** Task to complete **
Transcribe the listing exactly, so that nothing but the pictures is missing.

** Recorded information **
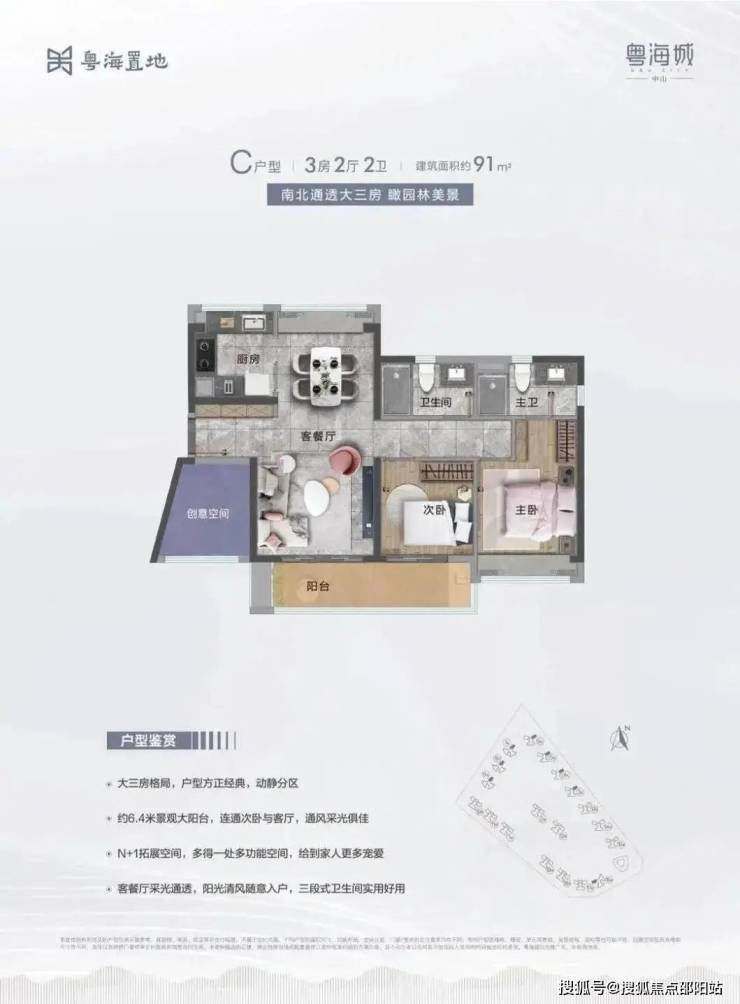 C户型:建面约91m² 3房2厅2卫
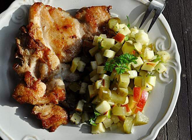 5. Салат из соленых огурцов с яблоками и луком лучше подать, когда он настоится. Поставьте миску с салатом в холодильник на 30 минут, а затем разложите в порционные тарелки, креманки или фужеры и подайте к столу, посыпав зеленью петрушки, как самостоятельную закуску, к мясу, ветчине или рыбе в качестве гарнира.
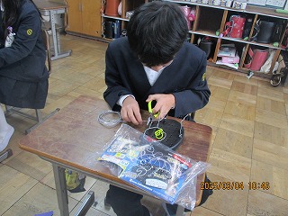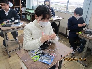 初めて使うペンチでしたが、直角に曲げたり、くるくるとまわしてうずまきのような形にしたりして、楽しく作品を作りました。
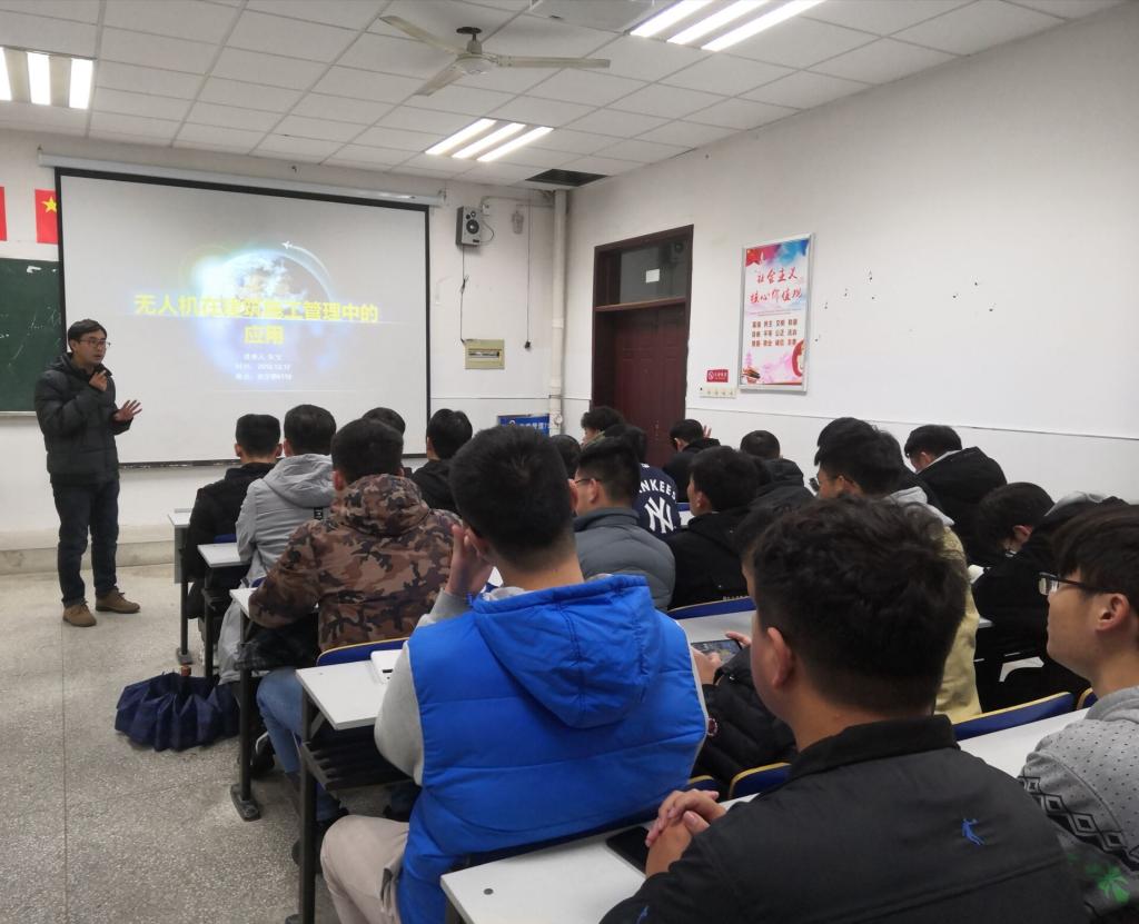 12月17日晚19时15分,建筑工程学院朱宝副教授在致学楼4110教室,举办了题为“无人机在建筑施工管理中的应用”的讲座,建筑工程学院相关专业百余名学生听取了讲座。

** Your solution **
 C户型:建面约91m² 3房2厅2卫
 5. Салат из соленых огурцов с яблоками и луком лучше подать, когда он настоится. Поставьте миску с салатом в холодильник на 30 минут, а затем разложите в порционные тарелки, креманки или фужеры и подайте к столу, посыпав зеленью петрушки, как самостоятельную закуску, к мясу, ветчине или рыбе в качестве гарнира.
 初めて使うペンチでしたが、直角に曲げたり、くるくるとまわしてうずまきのような形にしたりして、楽しく作品を作りました。
 12月17日晚19时15分,建筑工程学院朱宝副教授在致学楼4110教室,举办了题为“无人机在建筑施工管理中的应用”的讲座,建筑工程学院相关专业百余名学生听取了讲座。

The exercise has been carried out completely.